The Red Fićo (Crveni Fićo), officially Fićo gazi tenka! ('Fićo tramples a tank!') is a monument in Osijek, Croatia. It commemorates the destruction of a Zastava 750 car (popularly known in Croatia as the Fićo) by a Yugoslav Army tank at the start of the Croatian War of Independence, an event that became a symbol of Croatian resistance. The monument, unveiled in 2011, depicts a Soviet-made T-55 tank seemingly sinking into the ground while being run over by a red Zastava 750.

== Background ==

Following the Croatian declaration of independence from Yugoslavia on 25 June 1991, the Yugoslav army moved into Osijek on 27 June, meeting little opposition as Croatia had no army of its own.
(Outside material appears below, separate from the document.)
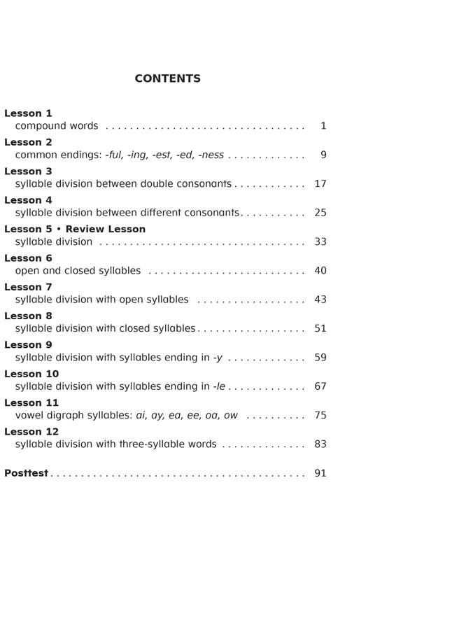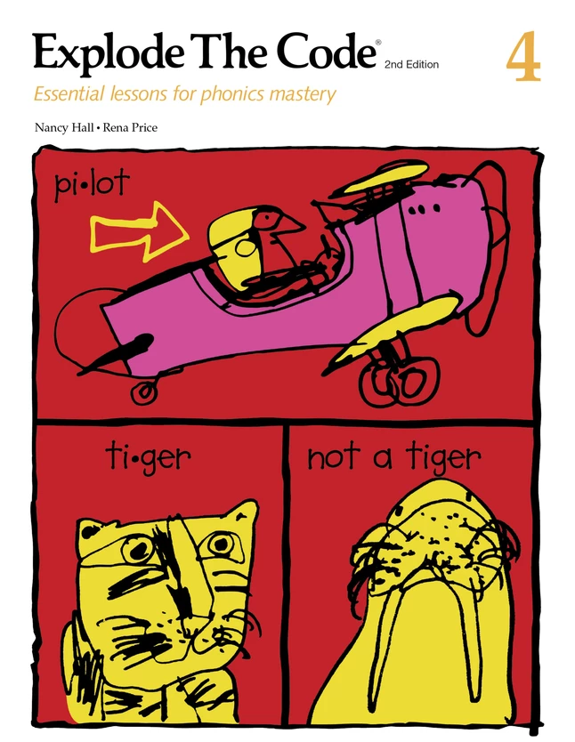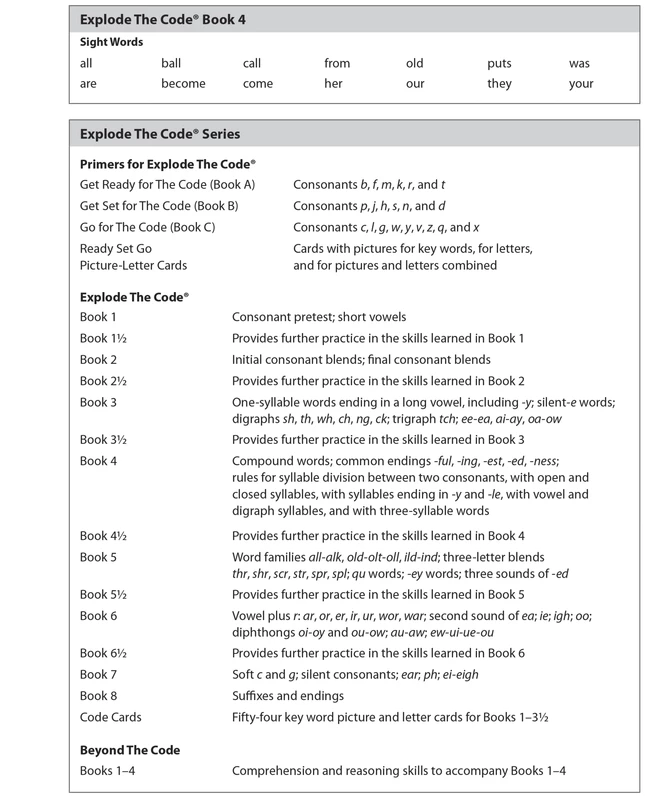 Explode The Code Book 4 introduces students to compound words, common word endings (-ful, -ing, -est, -ed, -ness), syllable types (open, closed, Cle, silent-e, digraph) and syllabication with 2- and 3-syllable words. Through a variety of pen-to-paper activities, students will get to practice blending sounds to read and write multisyllabic words.

Croatian citizen Branko Breškić had followed the Yugoslav tanks entering the town and overtook them in his Zastava 750 to try to halt their advance. Breškić stopped his car at the intersection between Vukovarska Street and Trpimira Street in front of the advancing column, and got out of the vehicle. The lead tank was a T-55 driven by another Croatian, Josip Ilić. He was ordered at gunpoint by his Yugoslav tank commander to drive over the empty car and he did so, destroying it. This was one of the first attacks by the Yugoslav forces against civilians in Croatia during the War of Independence.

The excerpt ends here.